NOACF2 specifies that the report is based on alternate databases provided by the RULES, LOGONIDS, or INFOSTG input files. When alternate databases are specified as input, ACFRPTRX does not take scope records into consideration when access authorization checking is performed.
DEFROLE
Specifies that ACFRPTRX uses the active ROLE records defined on the active CA ACF2 system for reports run against the off-line databases. When the alternate databases are specified as input (NOACF2 parameter) and DEFROLE is not specified, ACFRPTRX does not take any ROLE records into consideration when access authorization checking is performed.
For reports run against the online databases (ACF2 parameter), the active CA ACF2 ROLE records are always utilized.
LOGONID MASK
Specifies invalid or logged data set accesses for a particular logonid or group of logonids. The default is all logonids.
NOUIDALL
Indicates that the rule lines specifying a UID(*), USER(-) or ROLE(-) will be suppressed. Use of the NOUIDALL report parameter filters the report output.
UID MASK
ACFRPTRX generates a Logonid Access Report for each UID that matches the mask pattern specified by this parameter. The UID parameter is optional when the LID parameter is specified. If both LID and UID are specified, they are processed using AND logic, which means that only logonids matching both the LID and UID mask patterns are processed. If SYSIDLST is used to supply input parameters, any UID specification is ignored. The default is all users.
TYPE
Specifies a three-character resource type. Only the specified resource type is included in the Logonid Access Report. TYPE is a valid, required parameter only when the RSRC parameter is also specified. The TYPE field cannot be masked when CLASS(D) is specified.
CLASS
Specifies a one-character storage class code of the infostorage records processed. The default is R (for resource rule sets). The storage class code for CA ACF2 for DB2 rule sets is D (for DB2). See CA ACF2 Option for DB2 for more information about CA ACF2 for DB2 rule sets.
RMASK
Specifies a mask for rule set keys. Use this parameter to produce a Logonid Access Report for a selected group of rule keys or a single rule key. When processing data set access rules (DSET parameter), RMASK is a data set rule key mask. For generalized resource and CA ACF2 for DB2 processing (RSRC parameter), RMASK is a resource name mask.

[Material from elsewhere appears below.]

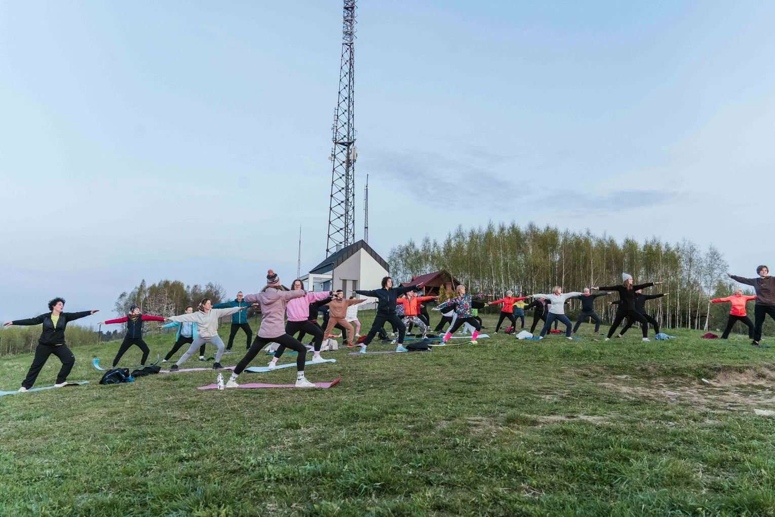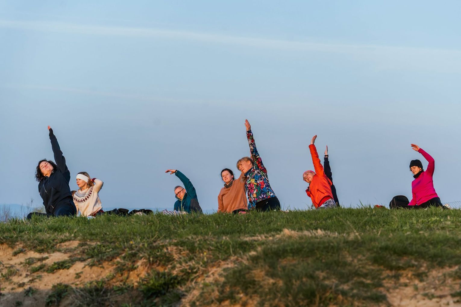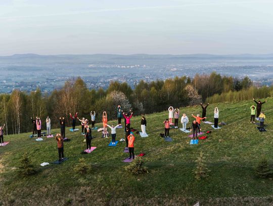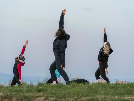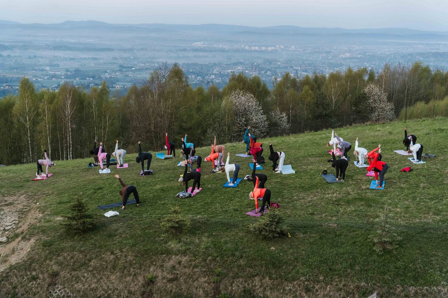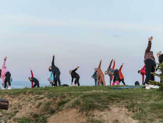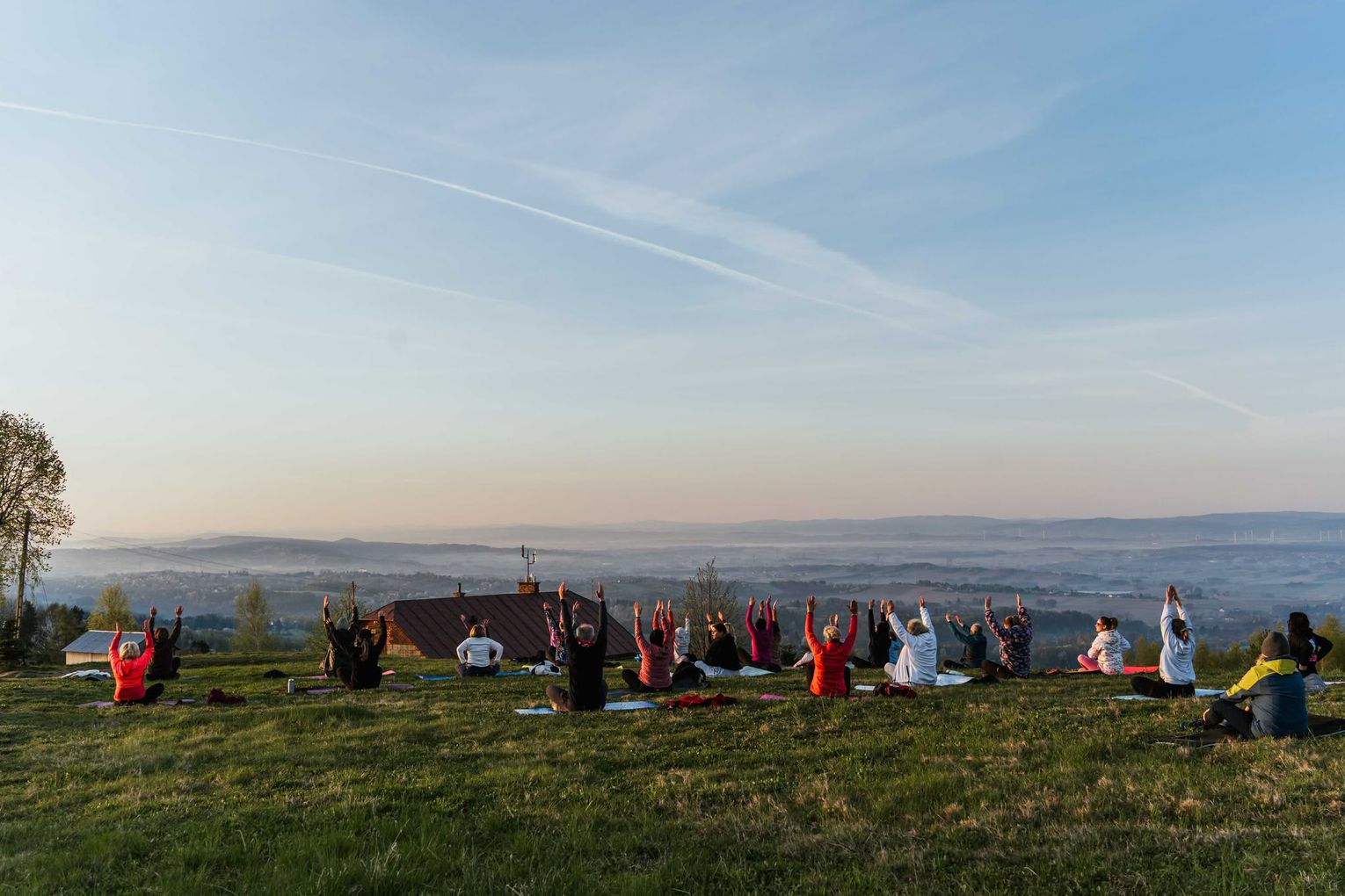 Mimo chłodnego poranka uczestnikom towarzyszyła wyjątkowa atmosfera – pełna radości, spokoju i wewnętrznego wyciszenia. Wędrówka zakończyła się na szczycie, gdzie wśród malowniczych krajobrazów i pierwszych promieni słońca rozpoczęła się sesja jogi prowadzona przez Lidię Urbanek. Zajęcia pozwoliły uczestnikom odnaleźć równowagę między ciałem a umysłem, a jednocześnie na chwilę zatrzymać się i w pełni doświadczyć piękna budzącego się dnia.

When RMASK is specified, only those rule sets that match the specified mask are included in the report.
INPUT DATA SET NANE: SYSIDLIST DSN PARAMETER
The SYSIDLIST file is an optional file and might be used to specify a list of LID or UID masks. Operation of ACFRPTRX for a single LID or UID might be specified in the parameter field.
SPECIFY INPUT FOR ACFRPTRX PARAMETER
Specifies how ACFRPTRX is instructed to process data set access rules and generalized resource rules.
Running the Report Using JCL
[ACF2|NOACF2]
CA ACF2 specifies that ACFRPTRX use the online CA ACF2 clusters. The CA ACF2 system must be active on this CPU for this type of processing.
Important! Running the ACFRPTRX report with ACF2 specified might affect performance. If you run this report against the online databases and you notice performance degradation, do not cancel this job. Serious system errors might result.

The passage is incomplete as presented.